Aynı zamanda, partnerlerimizi duygusal durumları hakkında hiç bitmeyen sorularla güçlendirmemeliyiz, çünkü bu aynı zamanda çatışmaya da yol açabilir. Bunun yerine, ince olmayı ve ilişkimizde işe yarayan bir denge bulmayı hedeflemeliyiz.

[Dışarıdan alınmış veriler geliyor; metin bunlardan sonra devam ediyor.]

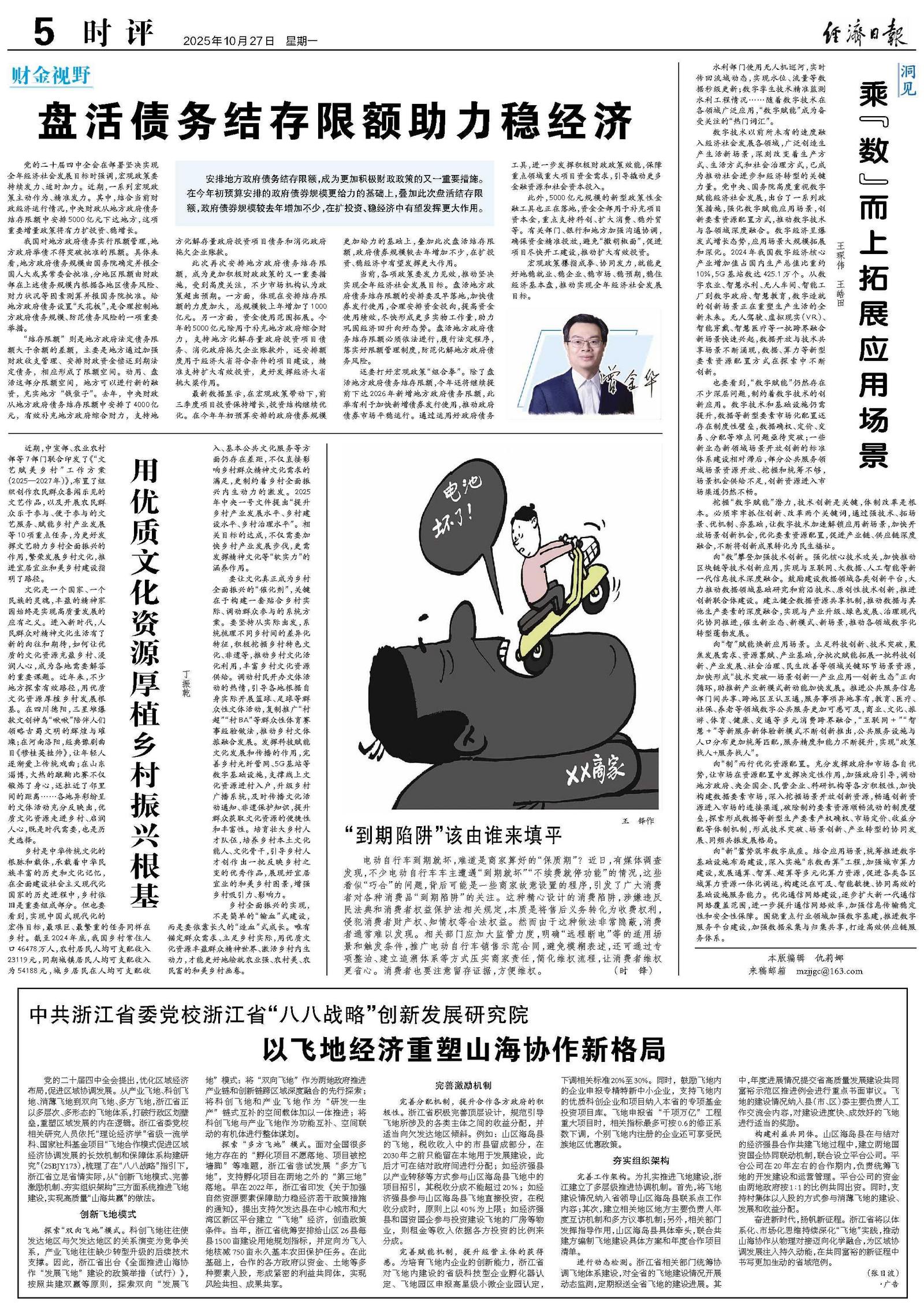 党的二十届四中全会提出,优化区域经济布局,促进区域协调发展。从产业飞地、科创飞地、消薄飞地到双向飞地、多方飞地,浙江省正以多层次、多形态的飞地体系,打破行政区划壁垒,重塑区域发展的内在逻辑。浙江省委党校相关研究人员依托“理论经济学”省级一流学科、国家社科基金项目“飞地合作模式促进区域经济协调发展的长效机制和保障体系构建研究”(25BJY173),梳理了在“八八战略”指引下,浙江省立足省情实际,从“创新飞地模式、完善激励机制、夯实组织架构”三方面系统推进飞地建设,实现高质量“山海共赢”的做法。

"Açıkçası fazla ileri gidebilirsin," diye itiraf ediyor Kouros. "Partnerinizin ruh halinin her zamankinden biraz farklı olduğunu hissediyorsanız," diye öğüt veriyor, "sadece günlerinin nasıl geçtiğini sorabilirsiniz, ya da belki bu konuyu açmazsanız, bunun yerine 'Ben açayım bu gece akşam yemeği 'veya' bu gece çocukları yatağa yatıracağım. '"

Ayrıca, kendi duygularımızı önemli başkalarına duyurmaktan çekinmememiz gerektiğini ve duygusal mücadelelerimize hemen kavuşmalarını beklemememiz gerektiğini vurguluyor.

"Konuşmak istediğin bir şey varsa, bunu ilet. Bu iki yönlü bir yol. Bu sadece partnerinizin sorumluluğu değil, ”diye bitiriyor Kouros.